The stakes have only grown. The US government now holds seized crypto as part of a strategic bitcoin reserve, making the security of these assets a matter of national financial policy rather than routine case management. Borsai estimated that roughly $600 million in digital assets were seized in recent weeks alone. After the Daghita matter became public, the Marshals Service reportedly approached major US crypto providers about an emergency arrangement to take possession of CMDSS-held assets, in effect turning to the kind of established institutional custody infrastructure that hadn’t been chosen for the original contract.
What It Means
For the crypto industry, the case is a vivid reminder that the weakest link in securing digital assets is almost always human, not technical. The blockchain worked exactly as designed. The transactions were valid, final, and irreversible. The failure was in who was allowed to sign them, and under what controls.
There’s also a genuinely positive lesson buried in the story.

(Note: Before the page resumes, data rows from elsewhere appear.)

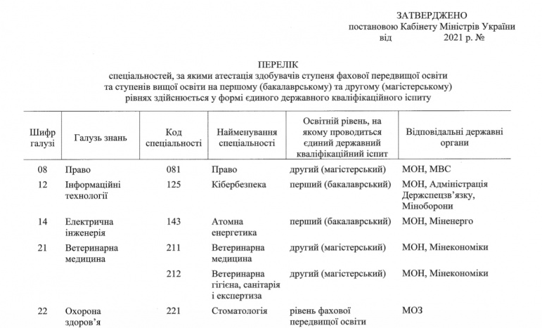 Кабинет министров на заседании принял постановление о создании единого государственного экзамена для бакалавров и магистров. Правительство также утвердило перечень специальностей, которые должны будут сдавать этот экзамен, передает FaceNews.ua.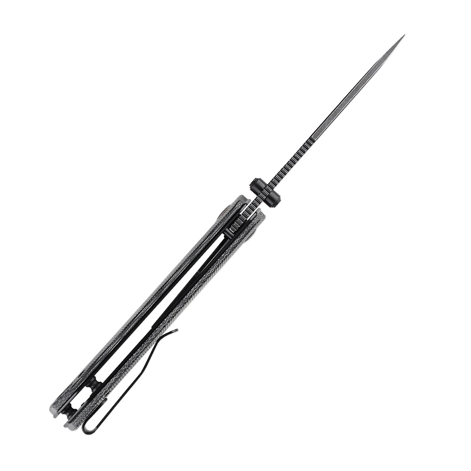 Die Klinge ist aus rostfreiem 154CM Stahl gefertigt. Es wird mit dem Daumen über einen Stift an der Klinge geöffnet und durch einen Linerlock-Verschluss in der offenen Position gehalten. Der einzelne Griff ist aus Micarta gefertigt. Am Ende des Griffs befindet sich ein Loch für ein Schlüsselband. Das Messer ist mit einem Clip zum Tragen in einer Tasche ausgestattet.
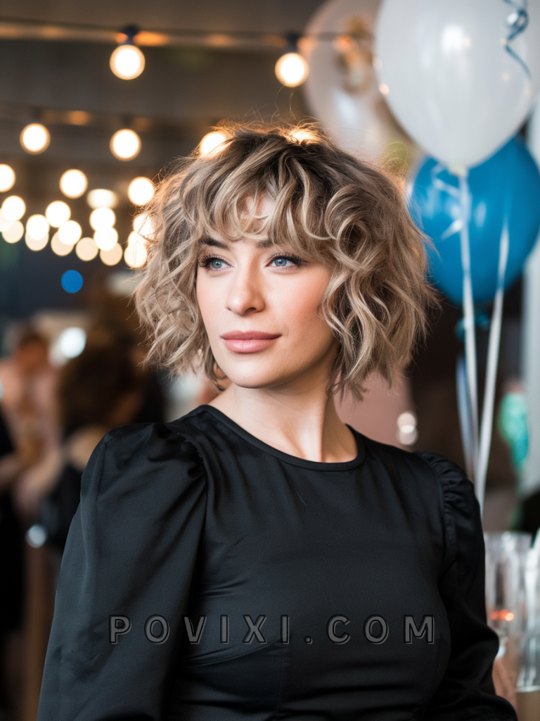 For women with thin hair, this style focuses on volume and dimension. The layered bangs add depth, while the curls create the illusion of thickness. It’s an excellent choice for round chubby faces or those with petite features. Whether you’re headed to a family dinner or a business meeting, this cut adds sophistication.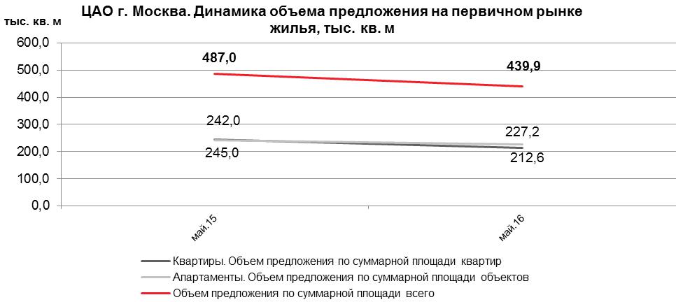 Эксперты компании Est-a-Tet в области аналитики и консалтинга установили, что по итогам мая 2016 года в ЦАО сократился общий объем предложения на 9.7%, однако сейчас на рынке «первички» округа существует 82 новых проекта, а средневзвешенная цена выросла на 7.8% с показателем, на текущий момент равным 679.6 тыс. рублей за «квадрат».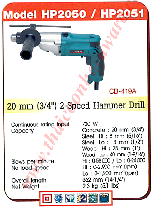 | สว่านกระแทรก makita hp2050 / hp2051, สว่านกระแทรก makita hp2050/hp2051, speed hammer drill hp2050, speed hammer drill hp2051, 20 mm (3/4") 2-speed hammer drill, 750w, 750w moter |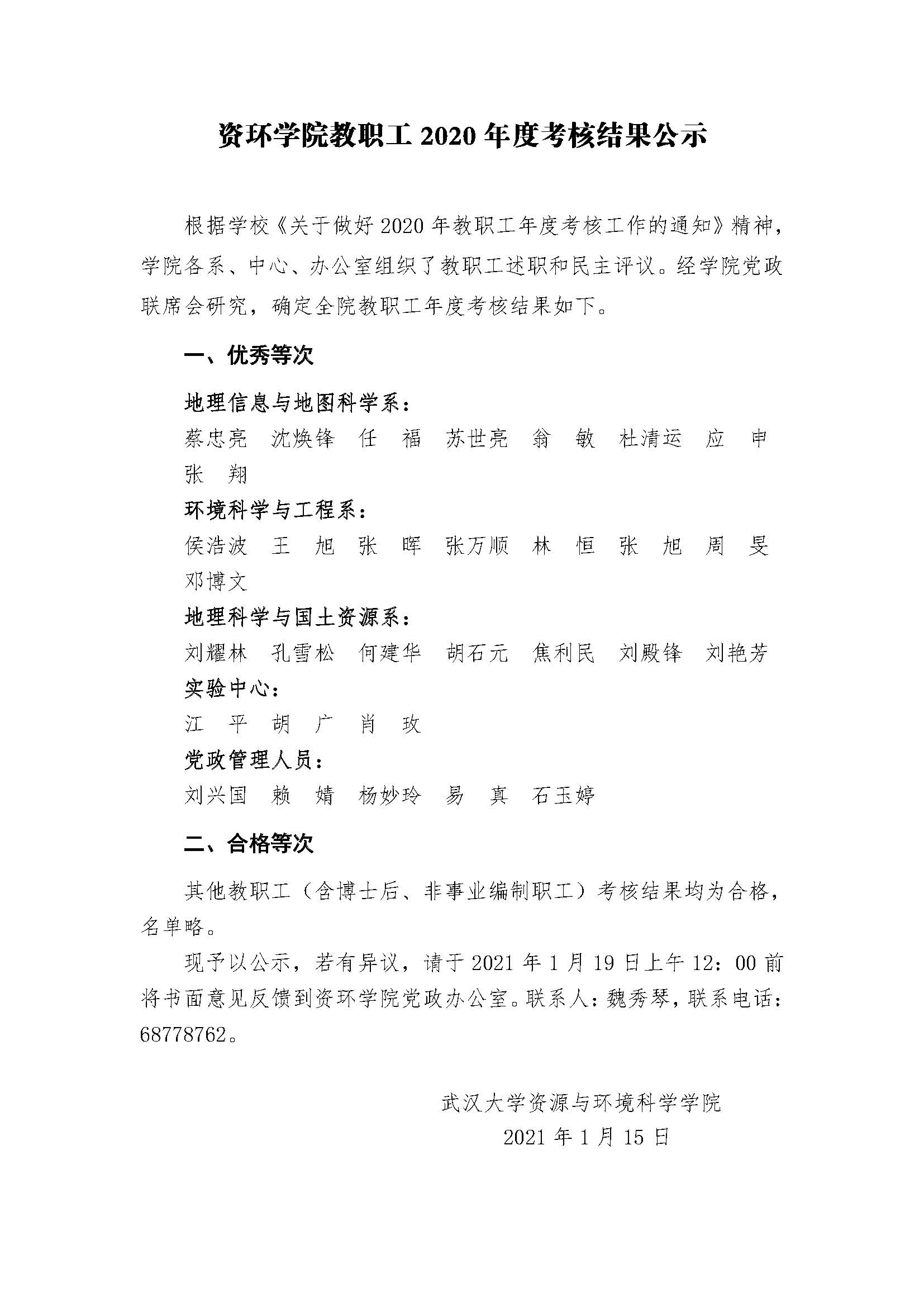 资环学院教职工2020年度考核结果公示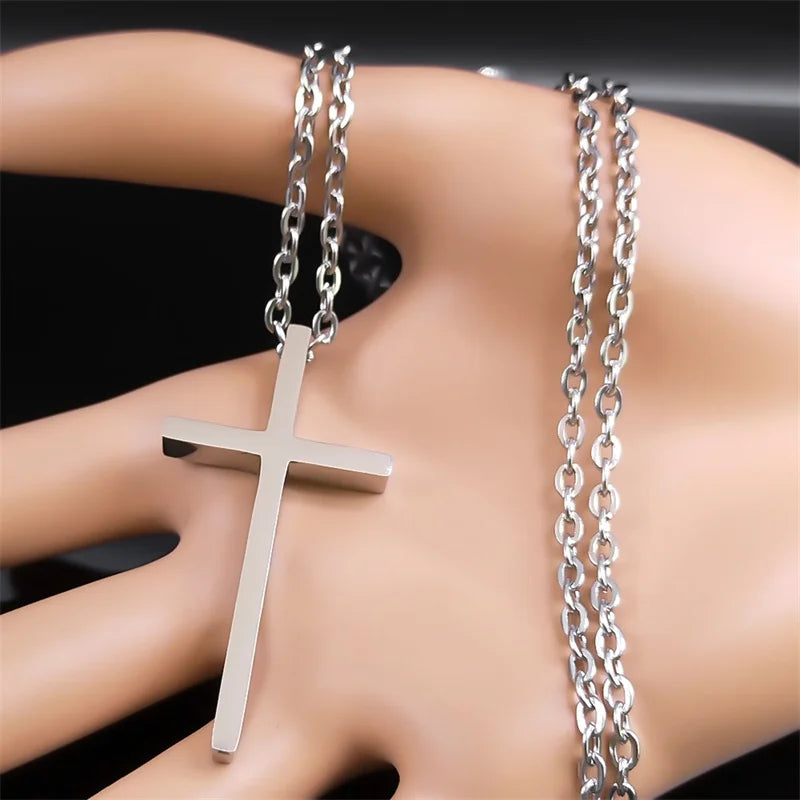 Collar con colgante de cruz simple para mujer y hombre, de acero inoxidable, color plata, con cadena de Jesucristo, joyería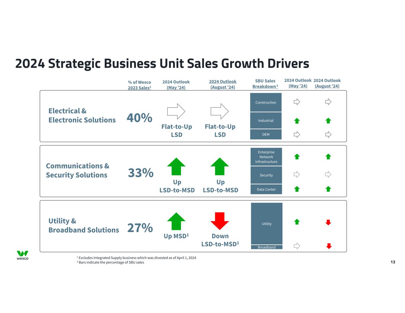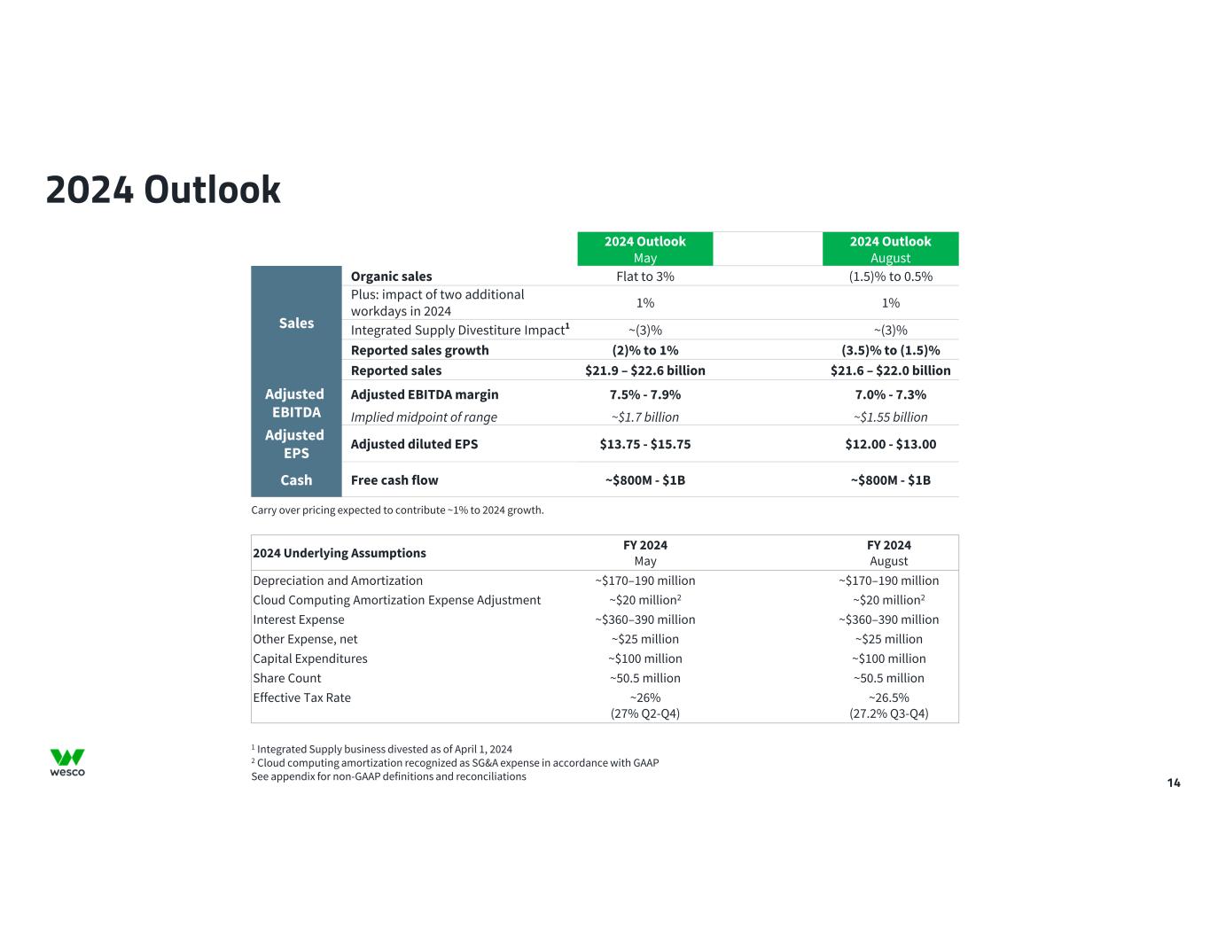 13 2024 Strategic Business Unit Sales Growth Drivers OEM Industrial Construction Electrical & Electronic Solutions 40% Flat-to-Up LSD Data Center Security Enterprise Network Infrastructure 33% Up LSD-to-MSD Communications & Security Solutions Broadband Utility27% Down LSD-to-MSD1 Utility & Broadband Solutions 2024 Outlook (August ’24) % of Wesco 2023 Sales1 1 Excludes Integrated Supply business which was divested as of April 1, 2024 2 Bars indicate the percentage of SBU sales SBU Sales Breakdown 2 2024 Outlook (May ’24) 2024 Outlook (August ’24) Flat-to-Up LSD Up LSD-to-MSD Up MSD1 2024 Outlook (May ’24)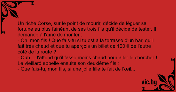 Un riche Corse, sur le point de mourir, décide de léguer sa fortune au plus fainéant de ses trois fils qu'il décide de tester. Il demande à l'aîné de monter :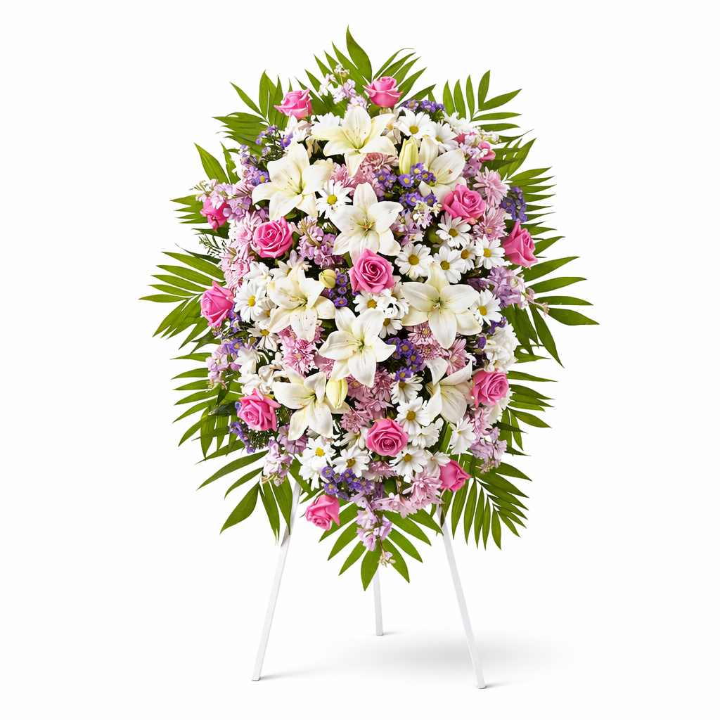 A refined standing spray featuring elegant seasonal flowers arranged with grace and serenity, offering comfort during moments of remembrance.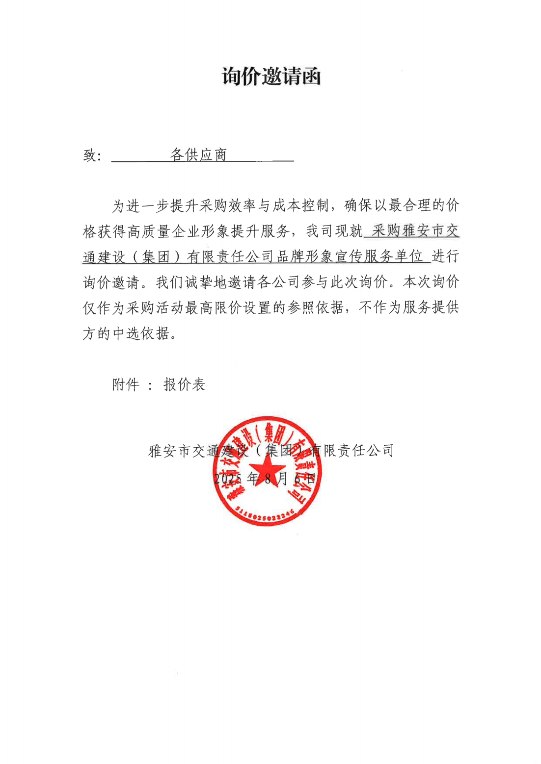 關(guān)于采購集團(tuán)品牌形象宣傳服務(wù)單位的詢價函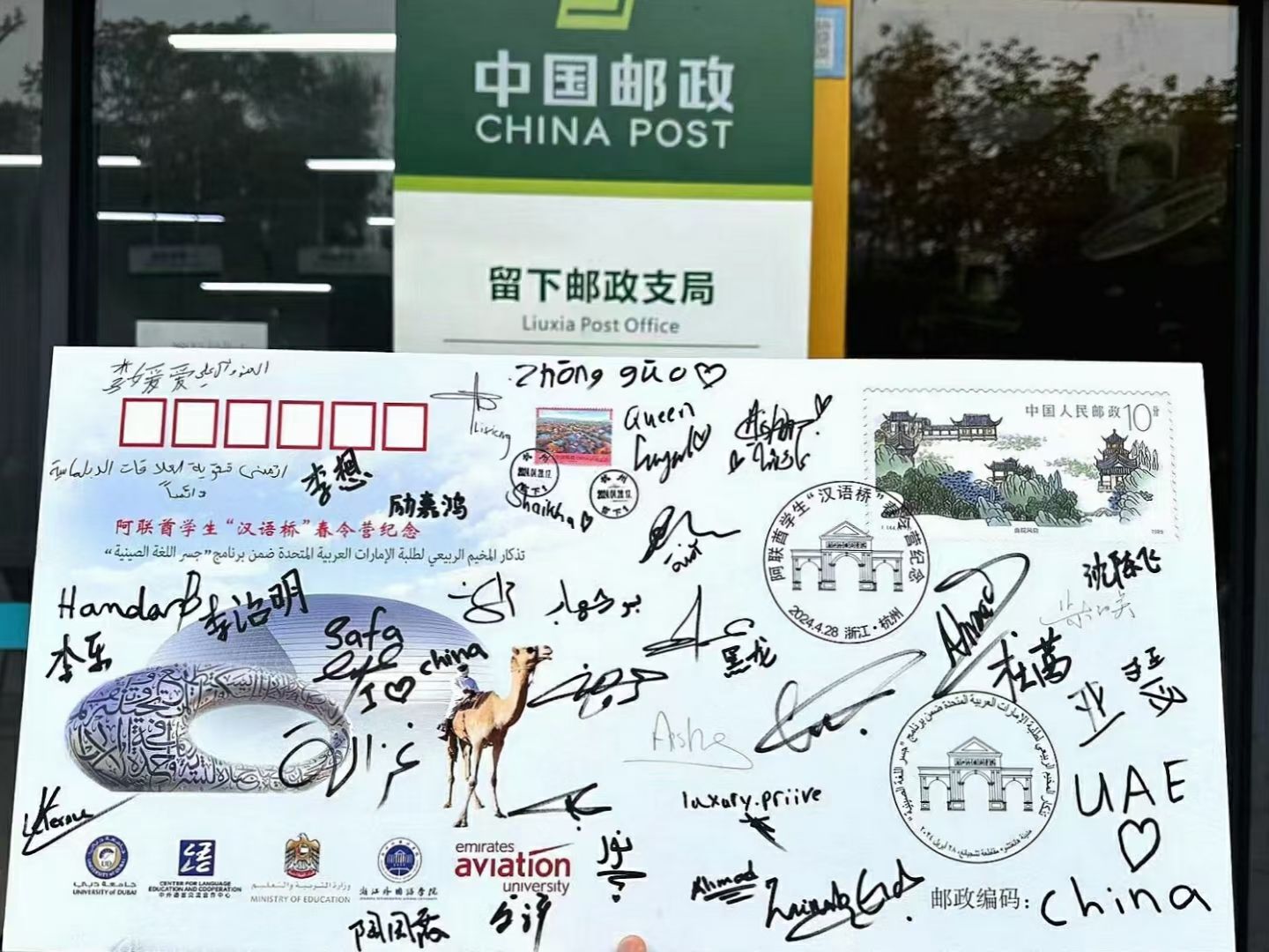 盖着留下邮政局日戳的纪念封,承载着每位营员的名字与祝福,也将代表着中阿青年的友谊天长地久。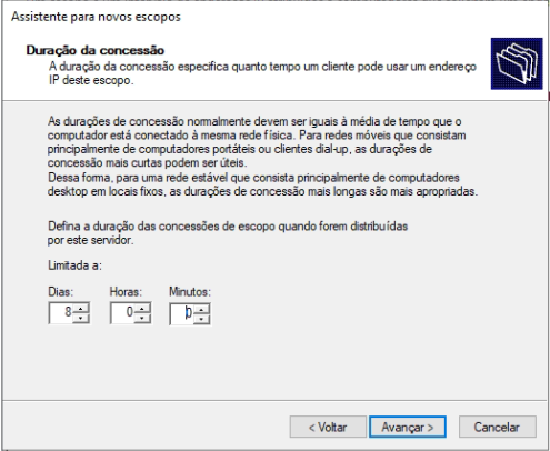 Na tela seguinte é onde configuramos a duração da concessão da oferta de IP. Ele determina quanto tempo um IP ficará disponível para um determinado endereço MAC após a entrega deste, ele estando ou não presente na rede.

The same transparency that lets criminals move money instantly across borders is what allowed an independent investigator to trace $46 million back to government wallets from a single screen-share, and what let the FBI follow the funds through mixers to an arrest. Public ledgers cut both ways. Cash leaves no such trail.
For the government, the episode is a call for reform that regulators and lawmakers appear to be taking seriously. Proper multi-signature custody, independent verification, and centralized professional storage are not exotic requirements; they are standard practice at any serious crypto institution. That a federal contractor allegedly operated without them, while holding tens of millions in public assets, is the real scandal. Daghita faces charges of theft of government property and wire fraud. The system that allegedly let one 21-year-old with the keys drive off in a Lamborghini is the part still waiting to be fixed.
Disclaimer: This article is for informational purposes only and does not constitute financial or legal advice. Cryptocurrency investments carry significant risk. Always conduct your own research before making any investment decisions.